Means for Solving the Problems
[0027] A concentrating optical member according to the present
invention is a concentrating optical member that can be applied to
a solar cell for generating power using sunlight concentrated onto
a solar cell element and that can concentrate sunlight onto the
solar cell element, including: a first optical member having a
first refractive index that is disposed on a side on which sunlight
is incident and a second optical member having a second refractive
index that is disposed on a side on which the solar cell element is
located, in which the first refractive index and the second
refractive index have different values.
[0028] With this configuration, because sunlight that has passed
through the first optical member can be converged toward the solar
cell element by the second optical member, the spacing (working
distance of the concentrating optical member) between the
concentrating optical member and the solar cell element can be
shortened, as a result of which the property of concentrating
sunlight can be improved, and it is possible to obtain a
concentrating optical member with which it is possible to provide a
small and thin concentrating solar power generation module.
[0029] In addition, in the concentrating optical member of the
present invention, the first optical member is an imaging lens, and
the second optical member is a non-imaging lens.
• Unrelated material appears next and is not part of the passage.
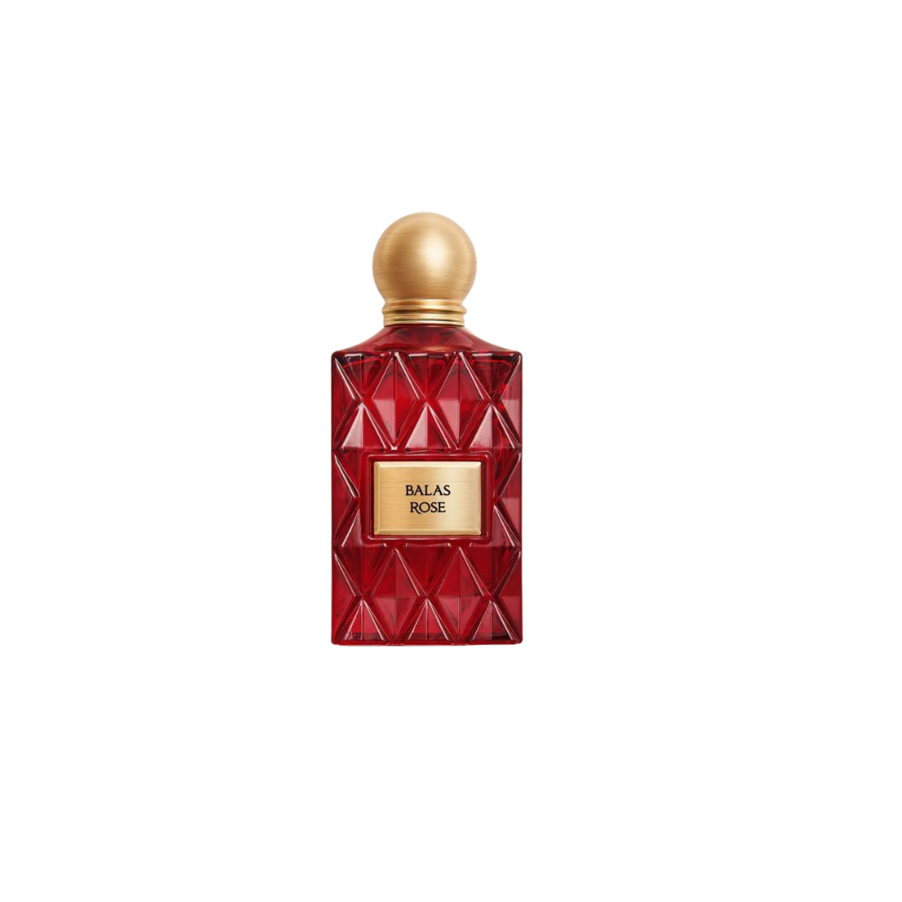 Balas Rose is a fragrance that evokes the opulence of a royal hall with its luxurious blend of notes. The scent opens with the rich aroma of roses and saffron, complemented by the freshness of red fruits. As the fragrance develops, the heart reveals a blend of suede, jasmine, and vanilla, creating a warm and inviting atmosphere. The base is characterized by strong notes of cedar wood, musk, and birch wood, providing a sense of strength and authority.

[0030] With this configuration, chromatic aberrations of sunlight
concentrated onto the solar cell element can be reduced, and the
spot energy density can be suppressed, as a result of which the
heat resistance, reliability and weather resistance of the
concentrating solar power generation module can be improved.
[0031] In addition, in the concentrating optical member of the
present invention, the first optical member has an inner surface
facing the solar cell element that is convex-shaped, and the second
optical member is in close contact with the inner surface of the
first optical member.
[0032] With this configuration, the first optical member and the
second optical member can be combined with ease and high accuracy
in an optimized way, as a result of which a loss at the interface
between the two members can be suppressed, and light concentration
properties can be reliably improved.
[0033] In addition, in the concentrating optical member of the
present invention, the first optical member has an inner surface
facing the solar cell element that is concave-shaped, and the
second optical member is in close contact with the inner surface of
the first optical member.
[0034] With this configuration, the first optical member and the
second optical member can be combined with ease and high accuracy
in an optimized way, as a result of which a loss at the interface
between the two members can be suppressed, and light concentration
properties can be reliably improved.
[0035] In addition, in the concentrating optical member of the
present invention, the second optical member is a Fresnel lens.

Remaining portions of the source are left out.